Mastocytosis is a rare condition caused by excessive amounts of mast cells gathering in the tissues of the body. These cells release large amounts histamine and other chemicals into the blood, causing symptoms such as a skin rash, itchy skin and hot flushes.
Mast cells are a type of cell found in certain parts of the body, such as the skin and the lining of the lungs and stomach. They play an important role in the immune system (see box, left).
Types of mastocytosis
There are two main types of mastocytosis:
- cutaneous mastocytosis – excessive amounts of mast cells gather in the skin
- systemic mastocytosis – excessive amounts of mast cells gather in body tissues, such as the skin, organs and bones
Cutaneous mastocytosis
Cutaneous mastocytosis usually only affects children. Three-quarters of cases develop in children aged one to four. It is also known as paediatric mastocytosis.

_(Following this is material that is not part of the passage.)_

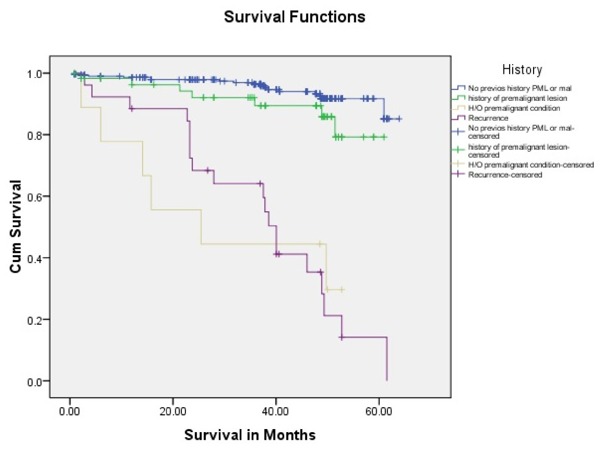 The prognostic pathogenesis of HNSCC including tongue carcinoma is better known today. The impact HPV, field cancerization and pathogenesis of oral premalignant lesion/conditions with malignant potential in tongue carcinoma patients are also affecting the treatment outcomes (20).In our study we have the same results; the patients with no previous history of premalignant lesion, condition and recurrence had better 5 years survival rate as compared to other groups (Figure 4 Log Rank .012).

The most common symptom of cutaneous mastocytosis is abnormal growths (lesions) on the skin, such as blisters and spots, which can form a rash on the body.
Systemic mastocytosis
Systemic mastocytosis (also known as mast cell disease) mainly affects adults. People with the condition experience attacks, lasting 15-30 minutes, when their symptoms are particular severe. During an attack they may have:
- allergic reactions, such as itching and flushing
- gut symptoms, such as vomiting and diarrhoea
- bone symptoms, such as thinning of the bones
- changes in mood, headaches and episodes of severe fatigue (tiredness)
These attacks are often triggered by factors such as:
- physical exertion
- certain medications, such as aspirin or antibiotics
- stress or emotional upset
There are three subtypes of systemic mastocytosis, which are described below.
- indolent mastocytosis (accounting for 90% of cases) – where symptoms are mild to moderate and vary from person to person
- aggressive mastocytosis – mast cells invade organs such as the spleen, liver and digestive system, so symptoms are more wide ranging and severe (but skin lesions are rare)
- systematic mastocytosis with associated haematological (blood) disease – the person also develops a condition affecting the blood cells, such as chronic leukaemia, so the outlook depends on the severity of the blood disease
Severe allergic reaction
Because of the excessive amounts of mast cells and their potential to release large amounts of histamine into the blood, people with both cutaneous and systemic mastocytosis have an increased risk of experiencing a severe and life-threatening allergic reaction. The medical term for a severe allergic reaction is anaphylaxis.
If you or your child are diagnosed with mastocytosis, you may be recommended to carry an adrenaline injection kit, which you can use to prevent the symptoms of anaphylaxis from getting worse.
For more information, see the Health A-Z topic on Anaphylaxis.
How common is mastocytosis?
Cutaneous mastocytosis is the most common form of the condition, but it is still very rare in general terms. It is estimated that only 1 in every 1,000 visits to a dermatologist (specialist in treating skin conditions) is due to cutaneous mastocytosis.
Systemic mastocytosis is thought to be much rarer, although exactly how rare is uncertain. One estimate is that 1 in 150,000 people in England have systemic mastocytosis.
The cause of both types of mastocytosis is not fully known.
Outlook
Symptoms of cutaneous mastocytosis usually improve over time, and the disease goes away on its own by the time a child has reached puberty.
The outlook for systemic mastocytosis can vary depending on the type you have. Indolent systemic mastocytosis should not affect life expectancy, but other types can. Some people will go on to develop a serious haematological condition, such as chronic leukaemia.
There is no cure for mastocytosis. Treatment is based on trying to relieve symptoms with medication.